Artificial Intelligence / Machine Learning

Introduction:

Text classification is one of the essential tasks in supervised machine learning (ML). Assigning categories to text, which can be tweets, Facebook posts, web page, library book, media articles, gallery, etc. has many applications like spam filtering, sentiment analysis, etc. In this blog, we build a text classification engine to classify topics in an incoming Twitter stream using Apache Kafka and scikit-learn - a Python based Machine Learning Library.

Let's dive into the details. Here is a diagram to explain visually the components and data flow. The Kafka producer will ingest data from Twitter and send it to Kafka broker. The Kafka consumer will ask the Kafka broker for the tweets. We convert the tweets binary stream from Kafka to human readable strings and perform predictions using saved models. We train the models using Twenty Newsgroups which is a prebuilt training data from Sci-kit. It is a standard data set used for training classification algorithms. 

Training Classification Algorithm

In this blog we will use the following machine learning models:

We have used the following libraries/tools:

  • tweepy - Twitter library for python
  • Apache Kafka
  • scikit-learn
  • pickle - Python Object serialization library

Let’s first understand the following key concepts:

  • Word to Vector Methodology (Word2Vec)
  • Bag-of-Words
  • tf-idf
  • Multinomial Naive Bayes classifier

Word2Vec methodology

One of the key ideas in Natural Language Processing(NLP) is how we can efficiently convert words into numeric vectors which can then be given as an input to machine learning models to perform predictions.

Neural networks or any other machine learning models are nothing but mathematical functions which need numbers or vectors to churn out the output except tree based methods, they can work on words.

For this we have an approach known as Word2Vec. A very trivial solution to this would be to use “one-hot” method of converting the word into a sparse matrix with only one element of the vector set to 1, the rest being zero.

For example, “the apple a day the good” would have following representation

Word2Vec Methodology Example

Here we have transformed the above sentence into a 6×5 matrix, with the 5 being the size of the vocabulary as “the” is repeated. But what are we supposed to do when we have a gigantic dictionary to learn from say more than 100000 words? Here one hot encoding fails. In one hot encoding the relationship between the words is lost. Like “Lanka” should come after “Sri”.

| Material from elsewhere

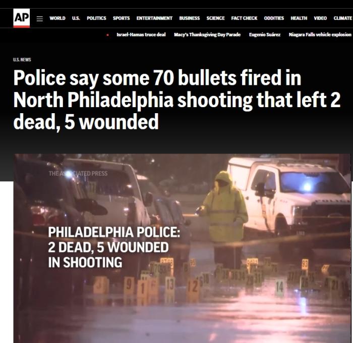 據(jù)報道,槍擊事件中的兩位死者均來自費城,年齡分別為31歲和38歲。兩人均身受多處槍傷,在送入醫(yī)院后搶救無效死亡。
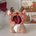 Petit Cadeau Noël 真っ赤なお鼻のトナカイさん!ふわふわのおなかと、赤いリボンがチャームポイント。 右腕は縫い付けてあるため可動しませんが、左腕は磁石を使用することで、お好きな位置で固定できます♩また、お座りも可能なので一着で様々な表現ができます🦌 大切なぬいちゃんへ贈る、小さなクリスマスプレゼントにいかがですか?🎁 🎄販売内容 ・トナカイの着ぐるみ 全長約11~12cm、頭囲約20~25cmぬいぐるみ向け ※ お手持ちのぬいぐるみの個体差により、着用できない場合がございます。ご了承の上、ご購入ください。 ⚠️ 本作品は磁石を使用しています。取り扱いにはご注意ください。 裏地に伸縮性の弱い生地を使用していますが、何度か着用させていくうちに生地が柔らかくなっていき、着せやすくなります。 🏣クリックポストで発送

Here is where Word2Vec comes in. Our goal is to vectorize the words while maintaining the context. Word2vec can utilize either of two model architectures to produce a distributed representation of words: continuous bag-of-words (CBOW) or continuous skip-gram. In the continuous bag-of-words architecture, the model predicts the current word from a window of surrounding context words. The order of context words does not influence prediction (bag-of-words assumption). In the continuous skip-gram architecture, the model uses the current word to predict the surrounding window of context words. 

Tf-idf (term frequency–inverse document frequency)

TF-IDF is a statistic which determines how important is a word to the document in given corpus. Variations of tf-idf is used by search engines, for text summarizations etc. You can read more about tf-idf - here.

Multinomial Naive Bayes classifier

Naive Bayes Classifier comes from family of probabilistic classifiers based on Bayes theorem. We use it to classify spam or not spam, sports or politics etc. We are going to use this for classifying streams of tweets coming in. You can explore it - here.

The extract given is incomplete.